Red Tulips © Harold Davis
“To live ironically is to hide in public,” Wampler notes. She continues: “How did this happen? It stems in part from the belief…that everything has already been done.” To be ironical stems to some extent from an aversion to risk. If you make it clear preemptively that you are not taking something seriously, then you cannot be burnt too badly if it doesn’t fly. But as Wampler opines, “Will we be satisfied to leave an archive filled with video clips of people doing stupid things? Is an ironic legacy even a legacy at all?”
One cultural area that Wampler does not mention is the art world, a world that I interact with—particularly in relationship to photography.
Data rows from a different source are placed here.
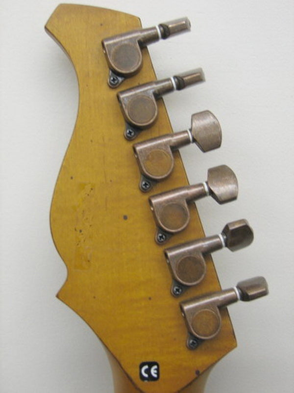With a one-of-a-kind,distressed,body finishe,antiqued, etched hardware and the aged,flamed "singed" neck treatments,this Badwater guitars definitely look like no other,for the player wanting to add something very different looking to his guitar line-up.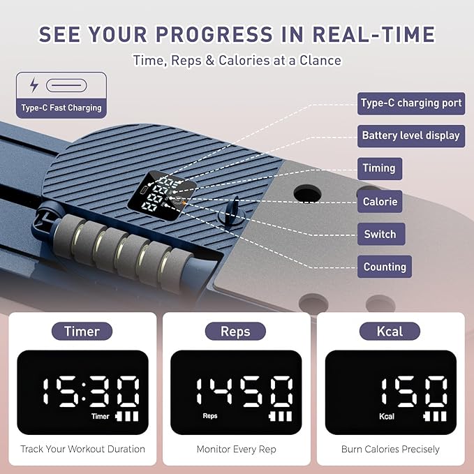 - 【All-in-One Smart Touchscreen】Our pilates reformer is equipped with an integrated smart touchscreen that accurately tracks exercise repetitions, calories burned, and workout duration in real time. It can further boost your motivation during workouts. The one-touch start/stop function and adjustable modes ensure effortless operation, while the USB charging design eliminates battery replacements for eco-friendly convenience.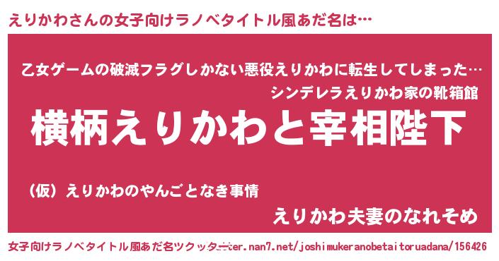 | 男性向けラノベタイトル風あだ名 | 『えりかわに滅ぼされるだけの簡単なお仕事です』 |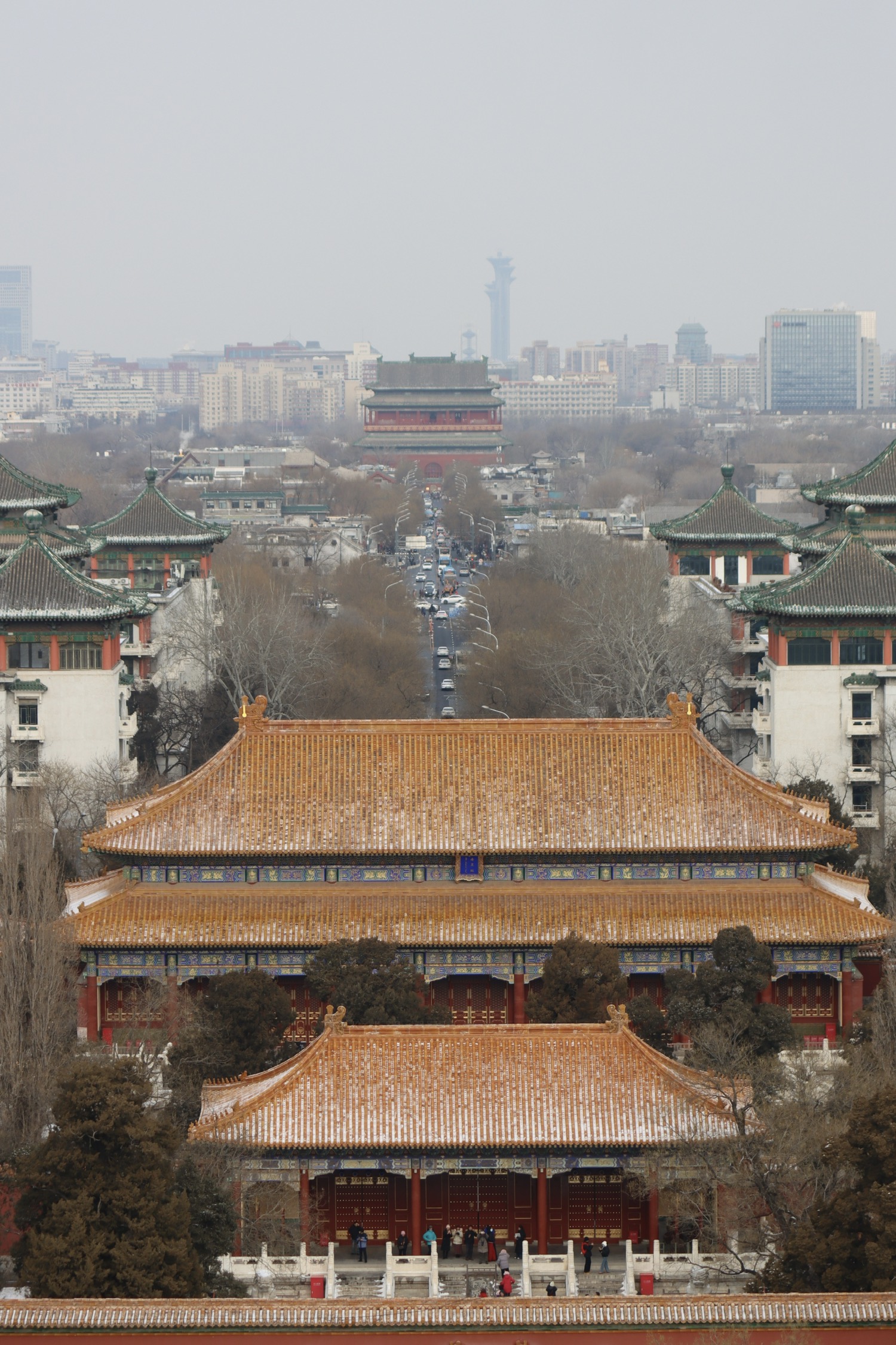 景山上沿着中轴线,往南看故宫、往北看鼓楼、往西看北海公园。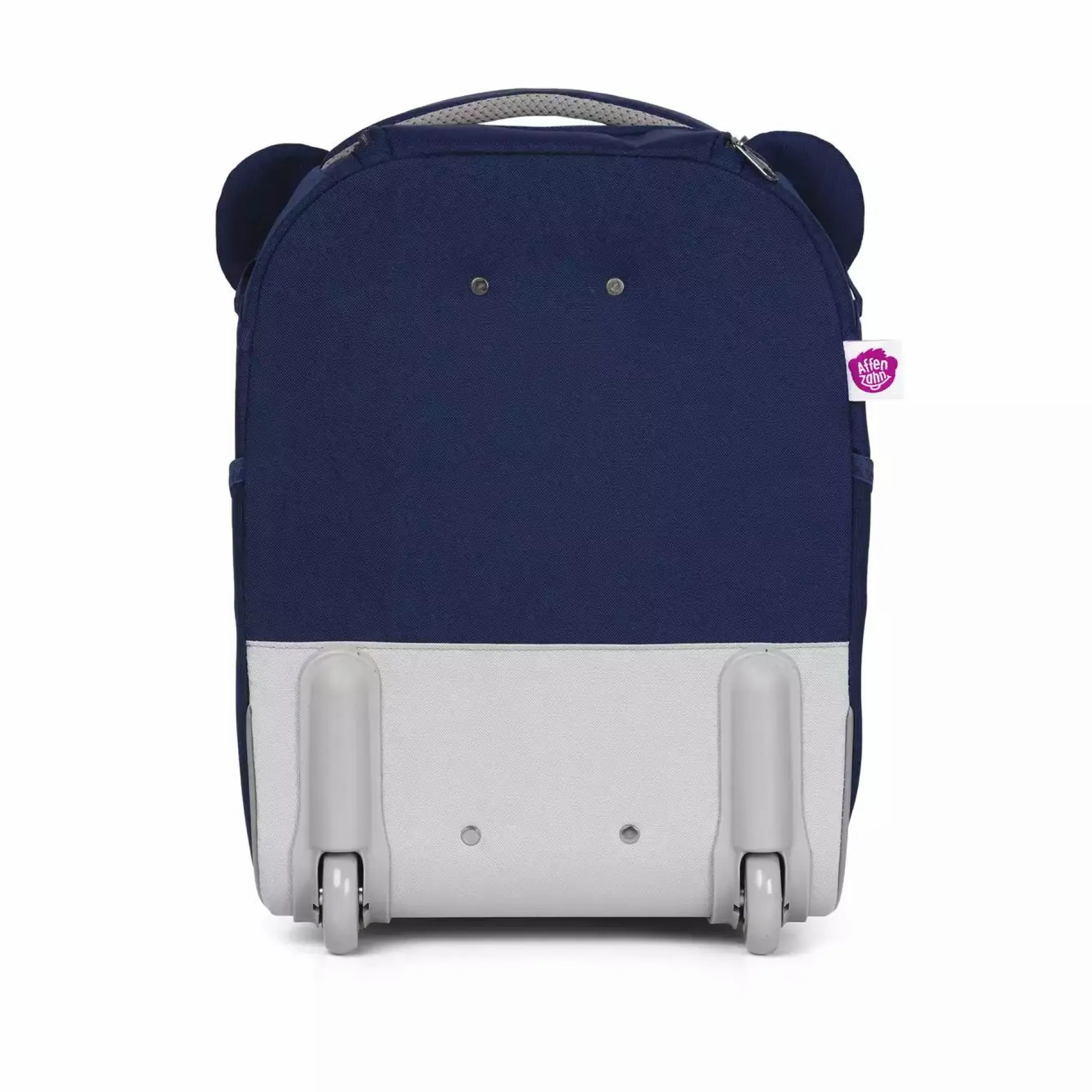 Mit dem Affenzahn Trolley Bobo Bär stehen tierischen Reiseabenteuern nichts mehr im Weg. Das freche und fröhliche Frontfach mit Bobo Bär hat Platz für Spielsachen, die schnell griffbereit sein müssen. Auf der typischen Ziehzungen können Namen und/oder Adressen hinterlassen werden. Das große Staufach im Inneren ist mit einer zusätzlichen Meshtasche ausgestattet. Für Regenschirm und Trinkflaschen eignen sich die zusätzlichen Außentaschen. Die Stange ist 3-fach höhenverstellbar, sodass sich der Trolley von Affenzahn jeder Kröpergröße anpasst. Muss es einmal schnell gehen, kann die Reisetasche dank des Schultergurtes schnell übergeworfen werden. Praktischweise entspricht Bobo Bär Trolley den Handgepäck-Richtlinien und kann in allen Airlines als Handgepäck mitgenommen werden.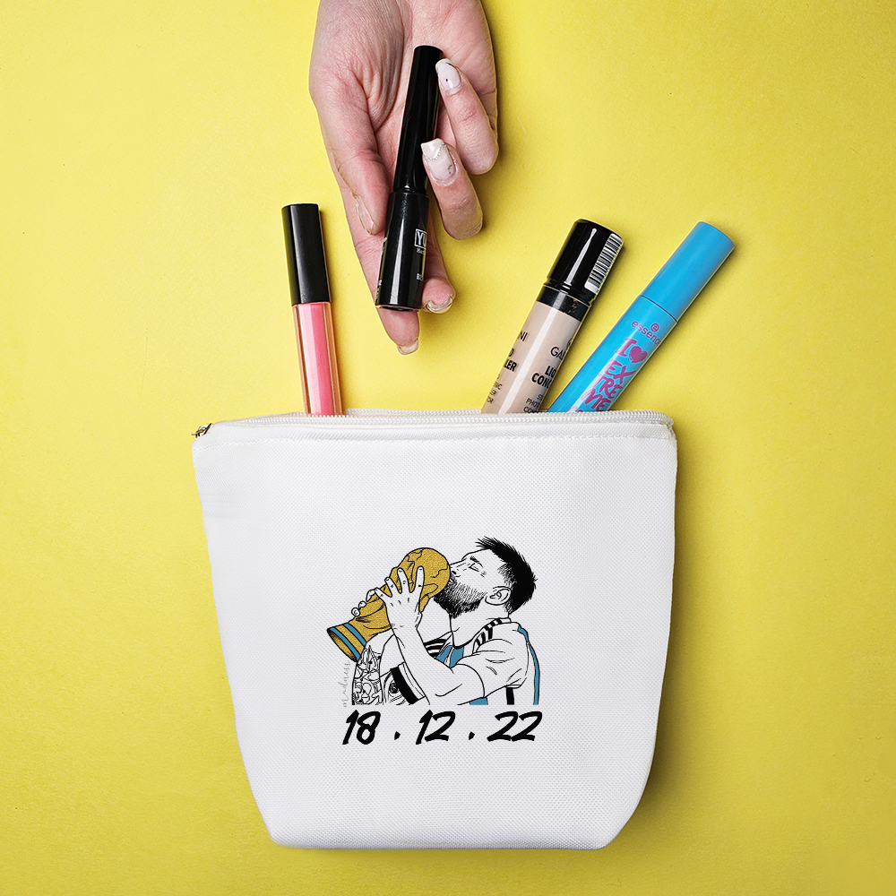 زیبایی در کنار کارایی، می‌تواند بهترین همراه برای وسایل روزمره باشد. در طراحی کیف لوازم آرایش خندالو طرح لیونل مسی این اصل در نظر گرفته شده تا محصولی شیک، کاربردی و بادوام در اختیار شما باشد. این کیف‌ها از پارچه‌ی هازان مقاوم ساخته شده‌اند که علاوه بر ظاهر زیبا، استحکام بالایی نیز دارد. ابعاد کیف لوازم آرایش خندالو طرح لیونل مسی ۲۲×۱۶ سانتی‌متر است و طراحی کف پاکتی ۸ سانتی‌متری آن، باعث می‌شود فضای بیشتری برای وسایل خود داشته باشید و فرم کیف بهتر حفظ شود. برای افزایش دوام و استحکام، داخل آن آسترکشی شده است. چاپ روی کیف به‌صورت دیجیتال و باکیفیت بالا انجام شده که باعث دوام و ماندگاری طرح‌ها می‌شود. این محصول کاملاً قابل شستشو است و می‌توانید بدون نگرانی از تغییر رنگ یا آسیب‌دیدگی، آن را هم با دست و هم با ماشین لباسشویی بشویید. یکی دیگر از ویژگی‌های کیف لوازم آرایش خندالو طرح لیونل مسی، بسته‌بندی شیک و زیبا آن است که آن را به گزینه‌ای ایده‌آل برای هدیه دادن تبدیل می‌کند. این کیف نه‌تنها برای نگهداری لوازم آرایشی و بهداشتی، بلکه برای سایر وسایل ضروری نیز مناسب است. محصولی که در کنار کاربردی بودن، به سبک زندگی شما زیبایی و نظم می‌بخشد. کیف لوازم آرایش خندالو، همراهی زیبا و ماندگار برای شما!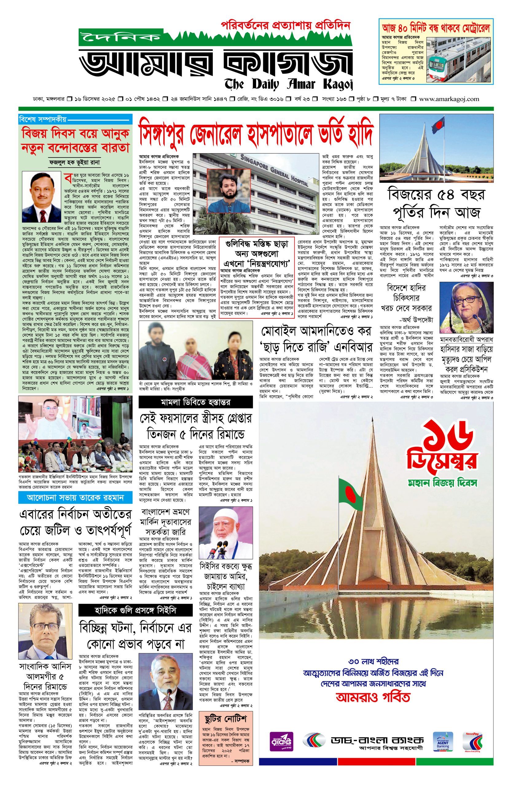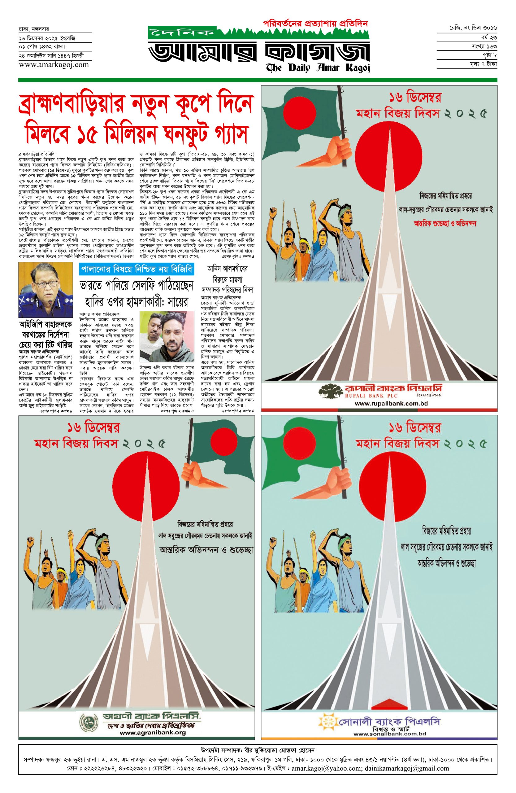 ই পেপার প্রধান সংবাদ সর্বশেষ দৈনিক আমার কাগজ ই-পেপার (মঙ্গলবার, ১৬ ডিসেম্বর ২০২৫) Faruk Hossain December 16, 2025 9:02 AM Continue Reading Previous: জাতীয় স্মৃতিসৌধে রাষ্ট্রপতি ও প্রধান উপদেষ্টার শ্রদ্ধা নিবেদনNext: রাজারবাগ পুলিশ স্মৃতিস্তম্ভে স্বরাষ্ট্র উপদেষ্টা-আইজিপির শ্রদ্ধা Leave a Reply Cancel replyYour email address will not be published. Required fields are marked *Comment * Name * Email * Website Save my name, email, and website in this browser for the next time I comment. Related Stories সোমবার যশোর যাচ্ছেন তারেক রহমান 1 min read প্রধান সংবাদ সোমবার যশোর যাচ্ছেন তারেক রহমান February 1, 2026 11:34 AM পাকিস্তানের ১২ শহরে অতর্কিত হামলা, ৮০ সেনা নিহত 1 min read আন্তর্জাতিক পাকিস্তানের ১২ শহরে অতর্কিত হামলা, ৮০ সেনা নিহত February 1, 2026 11:22 AM কুমিল্লার তিন গম্বুজের ফাতেহ খাঁ জামে মসজিদ 1 min read দেশজুড়ে কুমিল্লার তিন গম্বুজের ফাতেহ খাঁ জামে মসজিদ February 1, 2026 11:18 AM

And, yes, for many “high art” photography galleries if it isn’t ironical in a self-referential way (think Cindy Sherman), it isn’t art.
A little bit of satire or irony can be a good thing, but a lot of irony turns genuine feeling to dust. I’m here to tell you it doesn’t have to be that way. Digital technologies have opened an era in which ironic sensibilities can quickly proliferate (as Wampler notes), but these technologies have also given birth to new ways of approaching and creating art. Art that can be approached with the joy of creation, passion and pleasure in the thing itself. Like flowers, waves and surf with its endless ballet on the rocky shore. Down with irony!
November 17, 2012
Waves are wild and free
There are so many reasons that I love to photograph waves. Waves are wild and free. It is hard to predict what a wave is going to do next. A wave can express calmness and excitation simultaneously. The same wave can be both tranquil and violent. Waves are part of a giant pattern, but apart from that pattern: you never know when an individual wave will break in an unpredictable way.
Wave on the Marin Coast © Harold Davis—Click to view larger
Waves remind me of our lives. We are part of a great pattern roaring with the tide to a future that is unknown. Although part of the great pattern, like an individual wave each of us has our own pattern. We each respond in a unique way to the perturbations around us.
Day-to-day life can be predictable—with work commitments, school bus stops and all the little things of everyday life—and then wildly unpredictable, changed by exogenous events that might as well be the wind and tide.
Life is an adventure, sometimes gentle and calm, sometimes rushing with a roar of foam to crash against the shore. Whether in peak or trough, waves—and our lives—are always in motion. We can hope to enjoy the ride, but we can’t stop the waves or the passage and adventure of life itself.